Finally, ADP-ribosylarginine hydrolase (adprhl1; OG0001509) exhibited convergent substitutions at the adenosine-5′-diphosphate ligand site (Fig. 3d). This active site is important for the post-translational modifications of proteins (Mashimo et al. 2014). Although the ADP-ribosylarginine hydrolase gene family affects multiple processes, its link to tumorigenesis might be particularly relevant for the Xiphophorus (platyfish) species, which readily form skin melanomas (Kozlov 2014; Mashimo et al. 2014).
In addition to the above cases of site-specific molecular convergence, we also observed a remarkable convergence in the polypeptide N-acetylgalactosaminyltransferase 6 (GALNTL6) along 7 branches, primarily in Pomacentridae and Syngnathidae (Figure S11). GALNTL6 is proposed to play a role in the initiation or regulation of mucin-type O-glycosylation (Diamant et al. 2025). Using data from Bgee, we observed high expression in the reproductive and skeletal systems across teleost species (Figure S11). Although its precise enzymatic activity remains poorly characterized, the expression patterns suggest that GALNTL6 may have lineage-specific functional roles in reproduction and skeletal development, warranting further investigation.
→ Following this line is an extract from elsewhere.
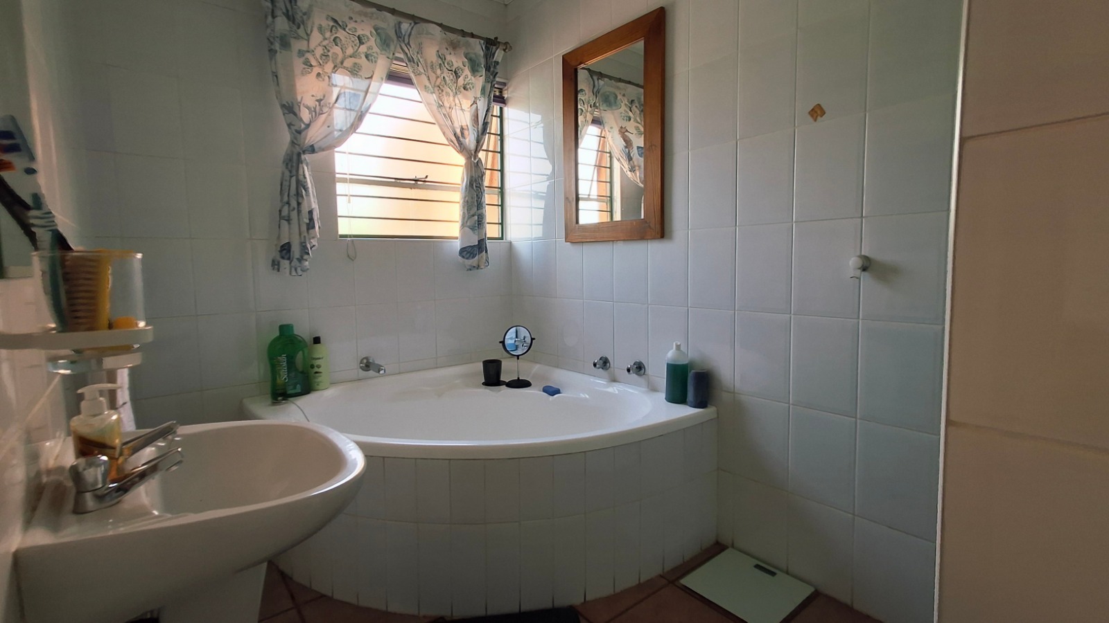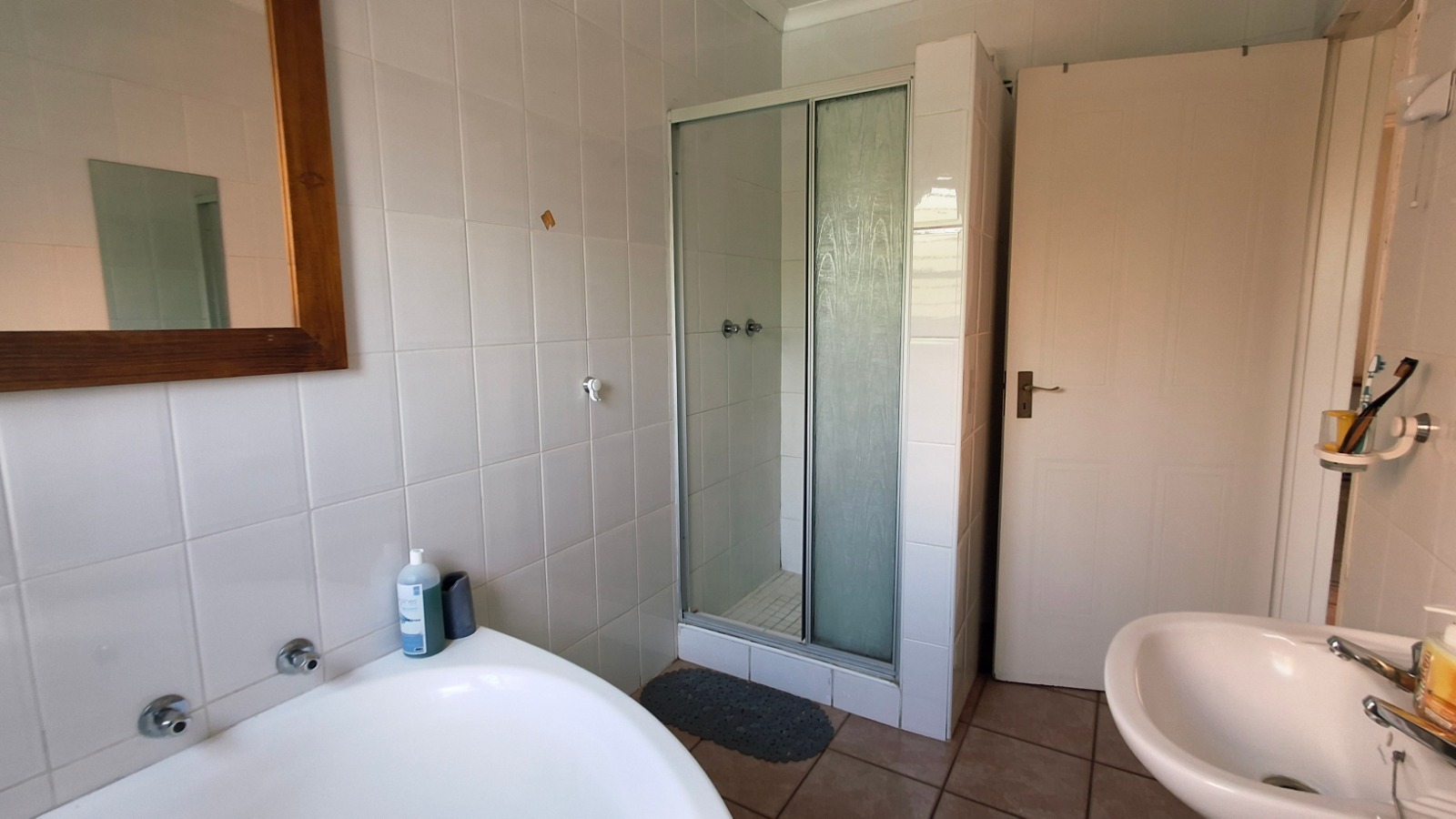 The home comprises three generously sized bedrooms, all with built-in cupboards and tiled finishes. The main bedroom includes a private en-suite bathroom, while the second bathroom is fitted with both a bath and shower, along with a separate toilet for added practicality.

Pleiotropy and adaptive evolution
Considering that many of the convergent genes have multiple functions and are expressed in multiple tissues (as demonstrated by their low GO terms semantic similarity and low tissue specificity), they could have beneficial pleiotropic effects during periods of ecological shifts (Bomblies and Peichel 2022; Rennison and Peichel 2022; Kinsler et al. 2024; Barua et al. 2025). Although traditionally considered as a source of genetic constraints (Orr 2000), studies in several model systems as well as natural populations have shown that the idea of pleiotropy constraining adaptation needs to be reconsidered (Paaby and Rockman 2013; Zhang 2023). For example, a vital gene responsible for the adaptation to freshwater habitats in sticklebacks, Ectodysplasin (Eda), is highly pleiotropic and responsible for ectodermal appendage formation, sensory system patterning, and schooling behavior (Mills et al. 2014; Greenwood et al. 2016). Intermediate levels of pleiotropy might even enhance adaptive potential by causing greater fitness gain and increasing the fixation of beneficial alleles (Hansen 2003; Wang et al. 2010; Barua et al. 2025).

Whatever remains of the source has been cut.